With a gleaming production, nifty special effects and a cute score, Rowling’s spiffing story hits the screen in the most spectacular way. You’d have to be a total Scrooge not to thrill to this one. There are a few scary moments and some mild language.

Fiona Shaw plays Petunia Dursley, Harry Potter’s aunt, and also in Harry Potter and the Chamber of Secrets (2002), Harry Potter and the Prisoner of Azkaban (2004), Harry Potter and the Order of the Phoenix (2007), Harry Potter and the Deathly Hallows: Part 1 (2010). ‘I had a ball doing Harry Potter,’ she said.

Also in the cast are Robbie Coltrane, Miriam Margolyes, Zoë Wanamaker, Harry Melling, Richard Griffiths, Derek Deadman, Ian Hart, Ben Borowiecki, Warwick Davis, Verne Troyer, John Hurt, Geraldine Sommerville, Harry Taylor, Julie Walters, Chris Rankin, James Phelps, Oliver Phelps, Jean Southern, Matthew Lewis, Tom Felton, Jamie Waylett, Josh Herdman, Devon Murray, Alfred Enoch, Leslie Phillips, Eleanor Columbus, John Cleese, Terence Bayler, Elizabeth Spriggs, Danielle Taylor, Will Theakston, Scott Fern, Adrian Rawlins and Ray Feranon.

It runs extended version.

It grossed $317 million in the US on a cost of $125 million.


Steven Spielberg: ‘Directing Harry Potter would have been a business decision, not a challenge.’ Terry Gilliam was Rowling’s favourite to direct, but the studio picked Chris Columbus because he had experience directing child actors.

First sequel: Harry Potter and the Chamber of Secrets (2002).


Alan Rickman died on 14 January 2016 at the age of 69. Famous for roles in Harry Potter as Professor Snape and Love Actually, he shot to stardom in 1988 as Hans Gruber in Die Hard and as the Sheriff of Nottingham in Robin Hood, Prince of Thieves, and won BAFTA, Golden Globe, Emmy and Screen Actors Guild awards in a glittering four-decade career.

His other roles include Jamie in Truly, Madly, Deeply, Colonel Brandon in Ang Lee’s 1995 film Sense and Sensibility, P. L. O’Hara in An Awfully Big Adventure and Judge Turpin in Sweeney Todd: The Demon Barber of Fleet Street, as well as roles in Dogma, Galaxy Quest and Perfume.


He continued to play Snape through to the eighth and last movie Harry Potter and the Deathly Hallows: Part 2 (2011). Despite being J K Rowling’s personal favourite and first choice (she even envisioned him when writing the character), he won the role only after the studio’s preferred choice Tim Roth backed out to star in Planet of the Apes (2001).

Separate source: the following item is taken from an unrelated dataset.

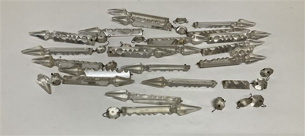 Coppia di candelabri in metallo dorato a quattro fiamme decorato a volute fogliate e pendenti in cristallo, basi tripodi traforate (h. cm 44) (difetti e mancanze)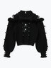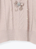 フロントのリボンディテールとビジュー調モチーフが、コーデに上品なきらめきを添えるポイント。

Radcliffe said: ‘He was one of the first of the adults on Potter to treat me like a peer rather than a child. Working with him at such a formative age was incredibly important and I will carry the lessons he taught me for the rest of my life and career. Film sets and theatre stages are all far poorer for the loss of this great actor and man.’